The British may be underestimating their other Harold, Prime Minister Macmillan, who is every bit as wily as Wilsonand in office. If Macmillan holds off the election until next June, Tories say wistfully, Wilson's luster may have dimmed and their own limp fortunes revived. But even allowing for Labor's proved capacity for plucking defeat from the jaws of victory, most Conservatives last week agreed that their prospects have seldom been gloomier.
Brilliant Maneuvers. Harold Wilson's triumph went deep into the complex machinery of the Labor Party, and it was complete. Only a month earlier, Britain's Big Six unions indignantly rejected Wilson's plea for the "wage restraint," that he considers essential to successful economic expansion. But on the conference floor last week, bull-headed Ted Hill, the Boilermakers' union leader who headed the resistance, meekly announced that, in view of Wilson's plans to boost national production, the unions had decided to cooperate after all.

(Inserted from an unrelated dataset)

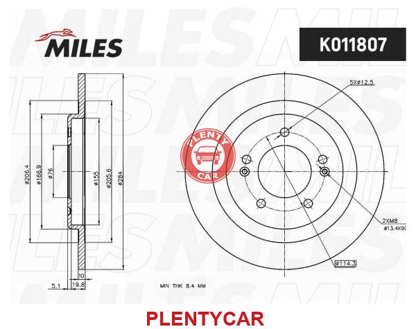 - MILES - K011807 - Диск тормозной HYUNDAI i40 R16 задний D=284мм.
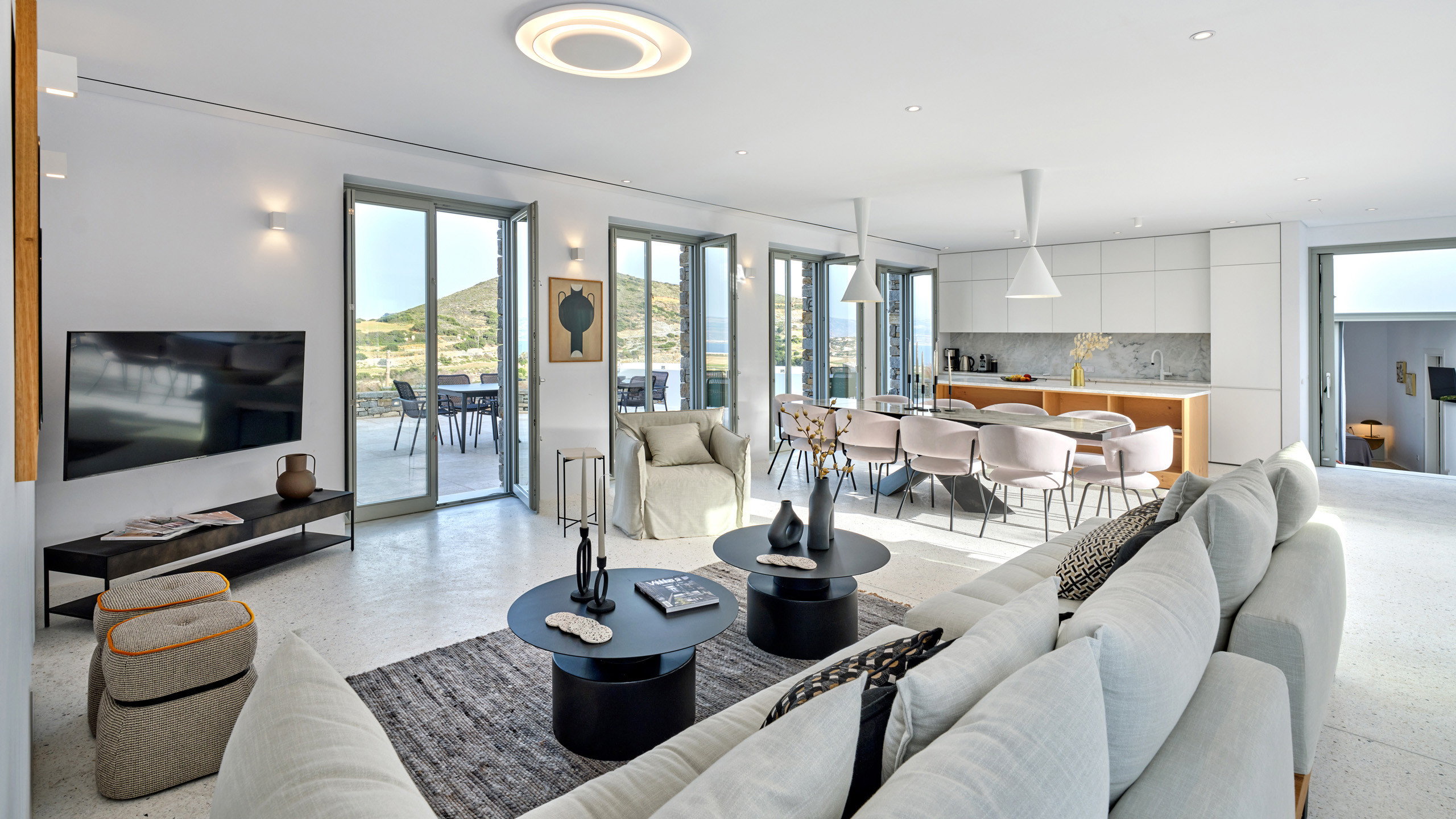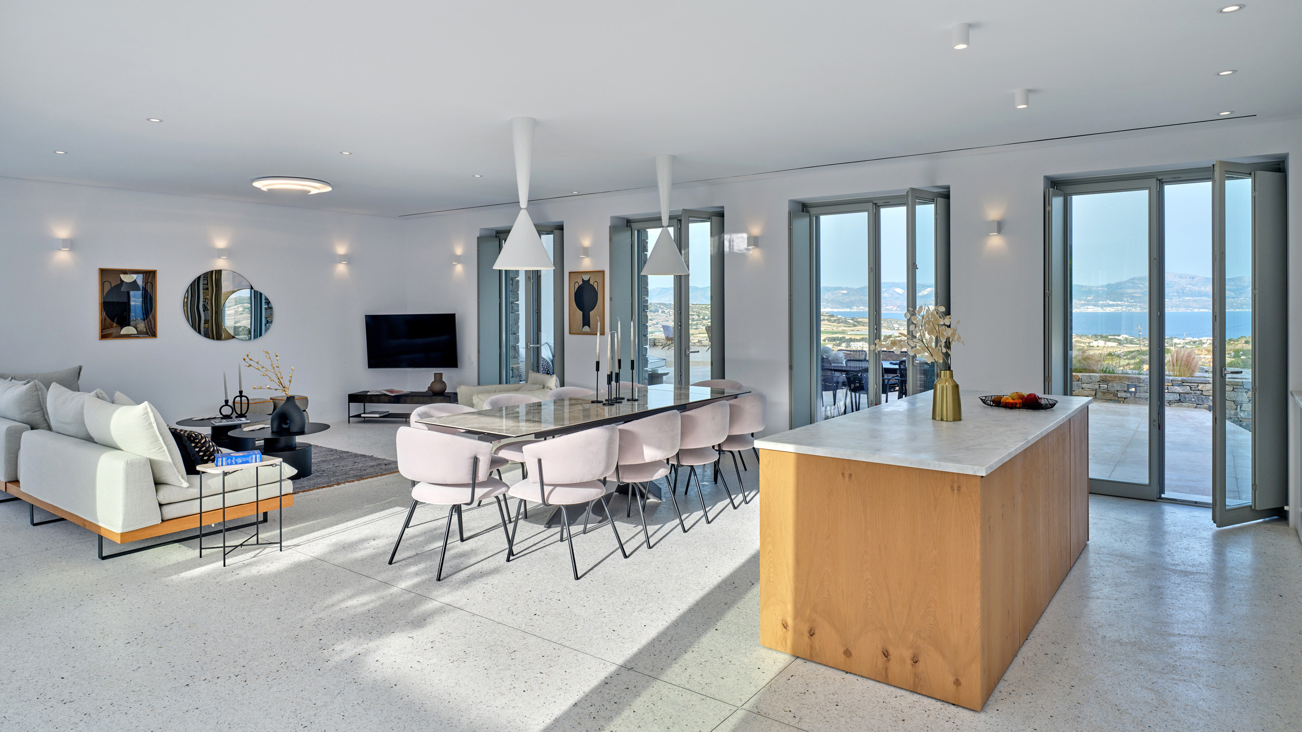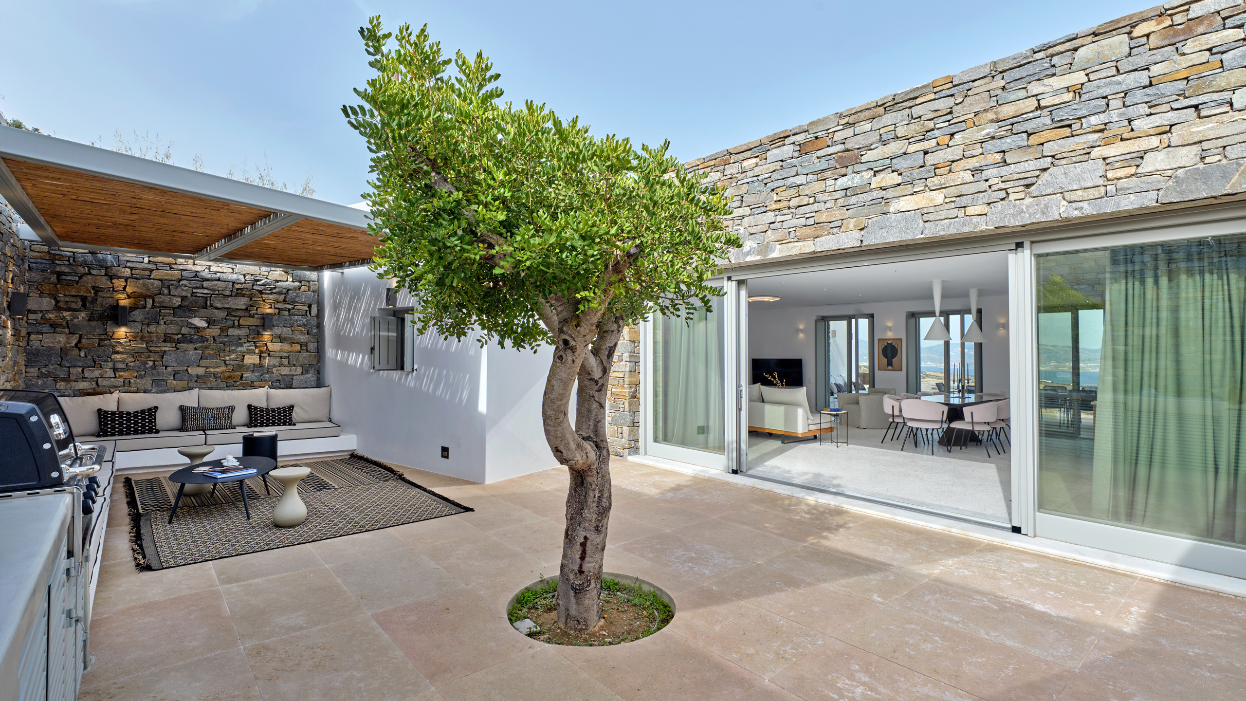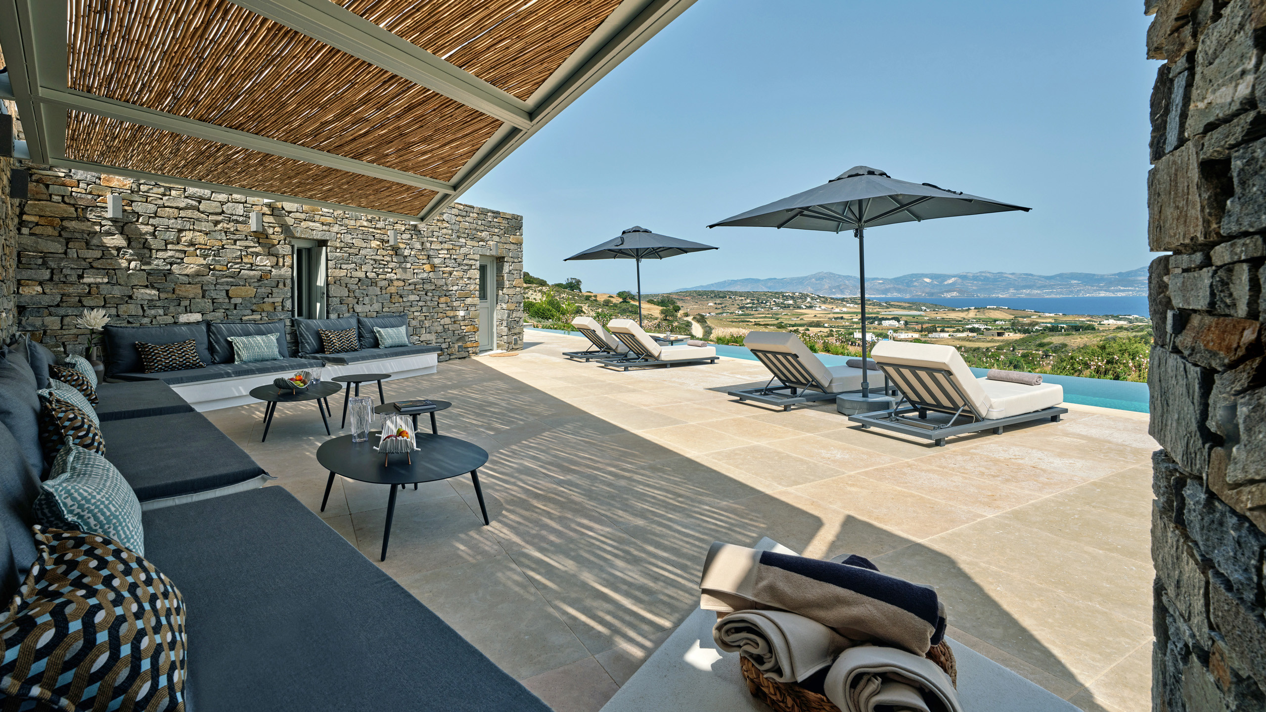 Recently completed, Villa Kulmus is modern in design and is privately located close to the popular, cosmopolitan town of Naoussa. The impressive house design flows effortlessly between indoor and outdoor living areas, enjoying Aegean Sea views across to the island of Naxos.

The most dramatic moment in the entire conference came in the midst of a speech by Deputy Leader George Brown, one of Wilson's most outspoken foes. Since his defeat for the leadership eight months ago, Brown and his sizable following had remained the last threat to Wilson's dominance. Turning abruptly to Wilson in mid-speech, he blurted: "As one who was not exactly happy about the outcome, I want to say now I am happy . . ." The rest of the sentence was drowned in a mighty roar of applause that only subsided a minute later when Wilson stood up and raised Brown's left arm in the champion's salute. Later, standing glowing in the wings, Wilson exclaimed: "That was the act of a big man."